再会と目的−1


15世紀フランスの特異点を修正してから数日、立香とマシュ、唯斗はロマニに呼ばれて召喚ルームに来ていた。

レイシフト後の身体検査に問題はなく、特異点で負傷した傷も手当は済んでいる。ちなみに、特異点での怪我は、なかったことにするとその時空における異物性が高まり修正圧力がかかるため、意味消失のリスクが高くなることから行わない。
様々なことが「なかったこと」になる特異点だが、そういうところは現実に反映せざるを得ないのだ。

今、こうして召喚ルームに来ているのは、様々な検査も終えて次の作戦を視野に入れてのことだった。
次の特異点は概ね特定が済んでおり、細かな座標の設定に時間を要するものの、あと半月ほどで作戦行動に入れる。それに向けて、戦力の増強を図るのだ。

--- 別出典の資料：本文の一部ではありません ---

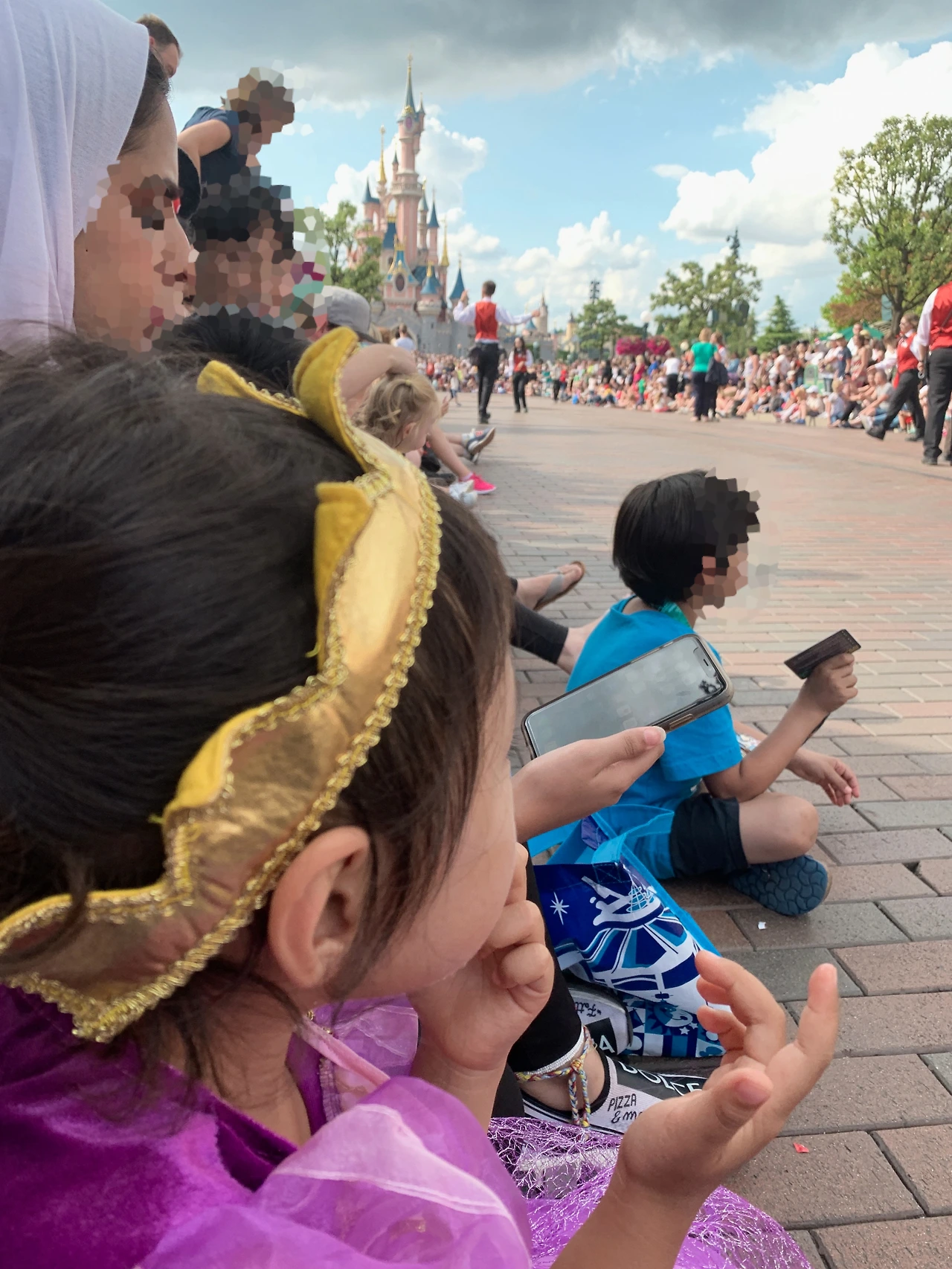 딸이 그토록 보고 싶어 했던 퍼레이드를 보기 위해, 한 시간 반부터 바닥에 자리를 잡고 기다렸다. 시작하기 10분 전, 히잡을 쓴 여인이 엘라 옆 쇼핑백 둔 곳을 가리키며 앉아도 되겠냐고 물었다. (대체로 뒤늦게 온 사람들은 뒷자리로 가서 서서 보는 편) 불편하게 보더라도 좋은 게 좋은 거라고 생각해 승낙했다. 그런데 뒤에 딸, 아들까지 (어디선가) 데리고 와 바닥에 앉히자 엘라 자리가 반으로 줄어들었다(가부좌 자세로 앉다가 무릎을 불편하게 세워야 겨우 앉을 수 있는 상황).
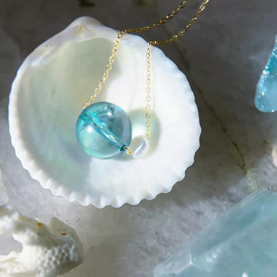 Ocean Pebble Necklace ⋄ Aqua Aura Quartz & Pearl
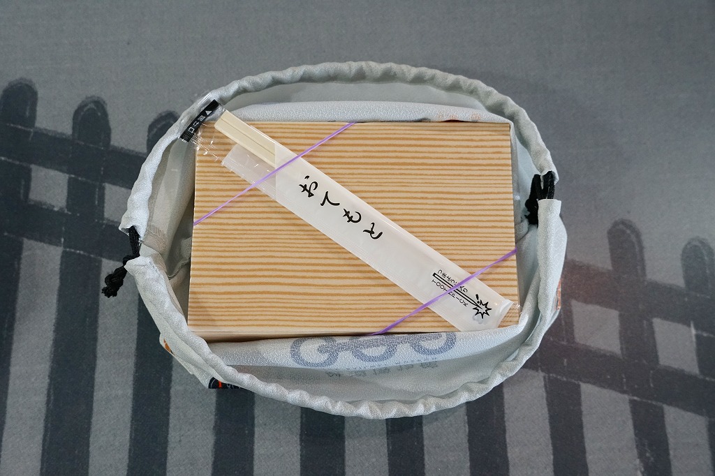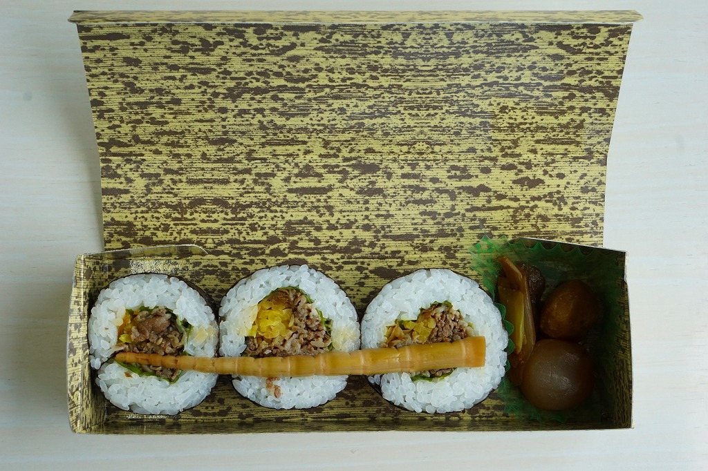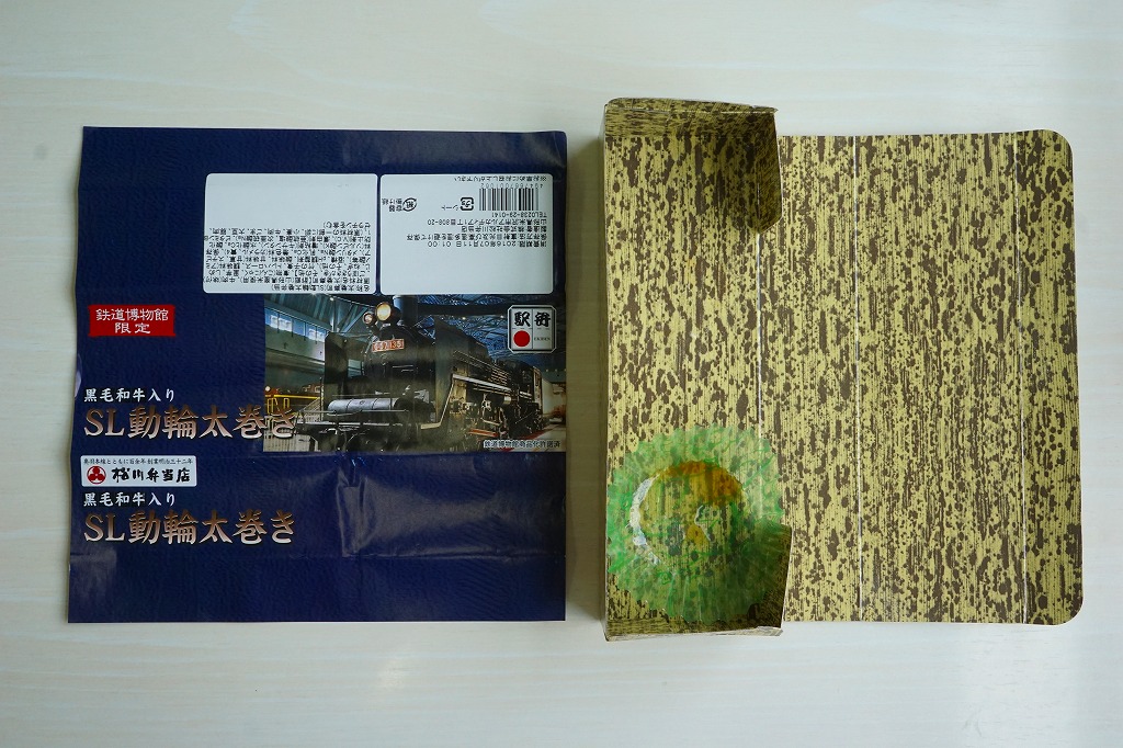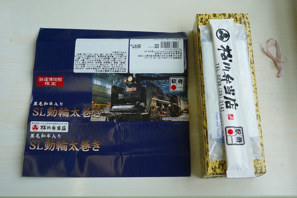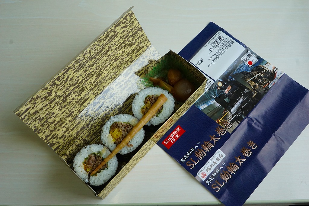 鉄道博物館の開館3周年を記念して、2010(平成22)年の秋までに発売か。調製元は、山形県は米沢駅の駅弁屋。館内展示の蒸気機関車の写真を載せる掛紙を巻いた、竹皮柄の細長いボール紙の箱に、太巻きを3個並べ、ヒメタケを置き、芋煮を添える。この太巻きとヒメタケで、SL(蒸気機関車)の動輪とロッドを表現したのだろう。実際に掛紙のC57形式蒸気機関車は、直径1.75メートルの動輪を3軸備える。これはお手軽なアイデア作。価格は2010年の発売時で500円、2016年の購入時で550円。2018年の秋頃に終売か。
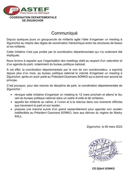 Un meeting à l’initiative de militants du parti, et prévu le 12 mars à Ziguinchor, n’a pas l’onction de la Coordination Départementale de PASTEF, qui l’a tout simplement révoqué.

「戦闘中だけならマスター1人につき三騎まで一時召喚できるようになった。カルデアもようやく万全の体制だぞ。あとは、サーヴァントを呼ぶだけだ」


ロマニは魔術式を前にそう言った。マシュは「緊張しますね…!」と答えながら触媒となる盾を置く。


「触媒ありでの召喚は唯斗君は初だね。どんな人が来るかな」

「基本的には縁だろ。縁もないのに来てくれるヤツはだいぶ特殊だ。第一特異点で出会った誰かじゃないのか」

「ジークフリートとか来るといいね、戦力的に」


ロマニはすっかりワクワクとしたようにしており、まだ緊張した面持ちの立香やマシュと比べると暢気だ。その後ろにいるダ・ヴィンチはさすがに呆れている。

縁を結んだ相手が基本的に召喚されるわけだが、今回は触媒もあるため、唯斗の魔力量に応じてロマニは大物を期待しているようだ。
もちろん大物が来ればそれは良いことだが、かといって唯斗が御しきれなければ意味はない。きちんと相性のいい相手でないと逆効果ですらある。


「じゃあ立香君から行こうか。今日から毎日一騎ずつ、計5人だね。唯斗君は計二騎を目指そう」

「分かった」


立香は術式の前に立つと、詠唱を開始する。

噛みそうになりながら術式に手をかざし、詠唱が進むと少しずつ術式が青白く光を放ち始める。やがて、マシュの盾も輝き、詠唱は最終段階に至った。
そして詠唱が終わった瞬間、術式からマナの霧が噴きだし、人影が現れる。


「……またお会いできましたね、マスター」

「き、清姫…!」


出てきたのはフランスでお世話になった清姫だった。立香は口元を若干引き攣らせながら笑うが、マシュは別の驚きを浮かべていた。


「清姫さん、記憶があるのですか…?!」

「もちろん、私は愛のために輪廻転生の因果すら超えて化けたのですから」


清姫は、伝説では輪廻転生を経てもなお記憶を有していた。だからだろう、特異点の記憶を持ったままカルデアに召喚されたようだった。恐ろしいまでのストーキング能力に、唯斗は僅かに立香に同情した。


「あー…うん、清姫はちょっと特殊な例だね。マシュ、君の認識通り、基本的には特異点の記憶はサーヴァントであっても継承されない。歴史に記録が残らないからね。特異点で出会ったサーヴァントをカルデアに召喚できても、ほとんどは記憶を共有できない。もちろん、サーヴァントとしての性質から、清姫のように記憶を持つ者もいるし、他にも可能性がある英霊はいる」

「なるほど…でも、特異点で仲良くなれたのですから、カルデアでもきっと…」

「あぁ。マシュと立香君なら問題ないだろう。唯斗君は、まぁ別枠だ」

「はっきりコミュ障だっつっていいんだぞ」


清姫のような例を除けば、正史に記録の残らない特異点での記憶を所有しているサーヴァントは基本的にいない。千里眼のような特殊な能力があれば別だが、そうでなければカルデアでは向こうにとっては初対面となるだろう。